Sir Keir Starmer is attempting to exploit the row over the 1% NHS pay offer in elections on "super Thursday", by claiming "a vote for Labour is a vote to support our nurses".
He is launching his party's campaign for elections in England, Scotland and Wales on 6 May, the biggest poll since the general election - with almost 40 million people eligible to vote.
The Labour leader will claim a vote for Labour, which has suffered a slump in support in opinion polls in recent weeks, is a vote to support nurses, rebuild social care and reward key workers.
He will say the choice on 6 May is a stronger, more secure and prosperous recovery out of the pandemic under Labour or the Tories cutting nurses' pay and NHS spending and raising taxes on families.
The super-poll this May, in which voters will be asked to take their own pens and pencils to polling stations, is bigger than normal because many of the elections are those postponed from last year because of coronavirus.
The elections taking place on 6 May include:
• Scottish Parliament
• Welsh Senedd
• Mayor of London and Greater London Assembly (postponed from 2020)
• Metro-mayor elections for the combined authorities of Cambridgeshire and Peterborough, West of England, West Yorkshire, Liverpool City Region, Greater Manchester, Tees Valley and the West Midlands (the last four postponed from 2020)
• 40 police and crime commissioners in England and Wales (postponed from 2020)
• Local authority mayors in Doncaster, North Tyneside, Bristol, Salford and Liverpool (the last three postponed from 2020)
• 24 county councils in England
• 127 English unitary, district and borough council elections (118 postponed from 2020)
The elections for the Scottish Parliament are particularly critical because Nicola Sturgeon will claim that an overall majority for the Scottish National Party will give her a mandate for a second independence referendum.
Besides Sir Keir, Labour's virtual campaign launch will include speeches by his deputy Angela Rayner, London mayor Sadiq Khan, Welsh First Minister Mark Drakeford, new Scottish leader Anas Sarwar and West Yorkshire metro-mayor candidate Tracy Brabin.
Turning up the heat on Boris Johnson and the Tories on NHS pay, Sir Keir will say: "My mum was a nurse, my sister was a nurse, my wife works for the NHS.
"I know how tough this year has been for our NHS and I know that now, more than ever, is the time to give our key workers a proper pay rise.
"Every vote in this election is a chance to show the Conservatives the British people value our NHS and our key workers so much more than this government does."
Attacking the Conservatives, Sir Keir will step up an attack he used against Mr Johnson at Prime Minister's Questions this week and claim the Tories are out of touch and out of ideas.

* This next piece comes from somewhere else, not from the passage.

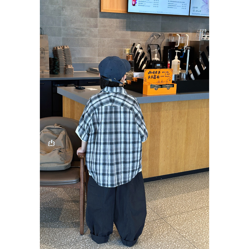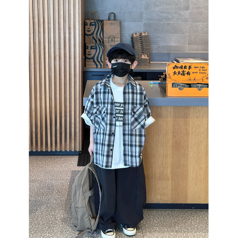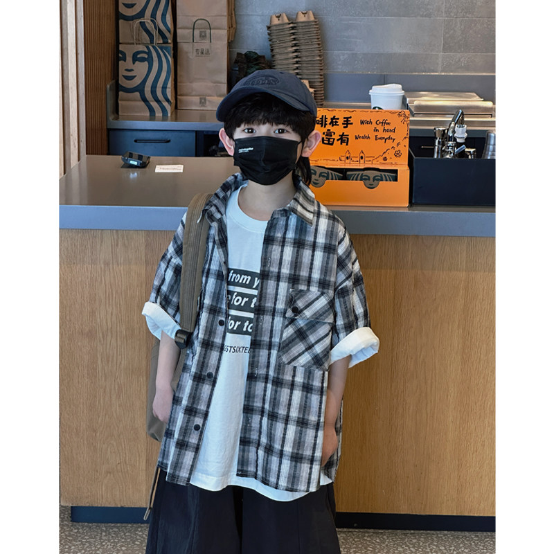 凯文家童装2026年春夏新品男童中大童韩版格子衬衫儿童短袖外套

"A party that gives a 40% pay rise to Dominic Cummings, but a pay cut for our nurses," he will claim. "A party that gives billions to Serco, but nothing for our NHS.
"A party that spent a decade weakening the foundations of our economy - and now has no answer for the future. Only more of the same."
On Scotland, where Labour is attempting to fight back from third place behind the SNP and the Conservatives, Sir Keir will deride Ms Sturgeon's feud with Alex Salmond and attack her plans for a second referendum.
"After everything we've been through in the last year, the last thing we need now is more division," he will say .
"Yet, in Scotland, the SNP have shown they're too busy fighting among themselves to fight for the Scottish people. Their 13 years in power has seen child poverty rise and educational standards fall.
"Scotland now has the lowest life expectancy in Western Europe and the highest number of drug deaths. It's a record of shame and yet the SNP's only priority is another divisive referendum."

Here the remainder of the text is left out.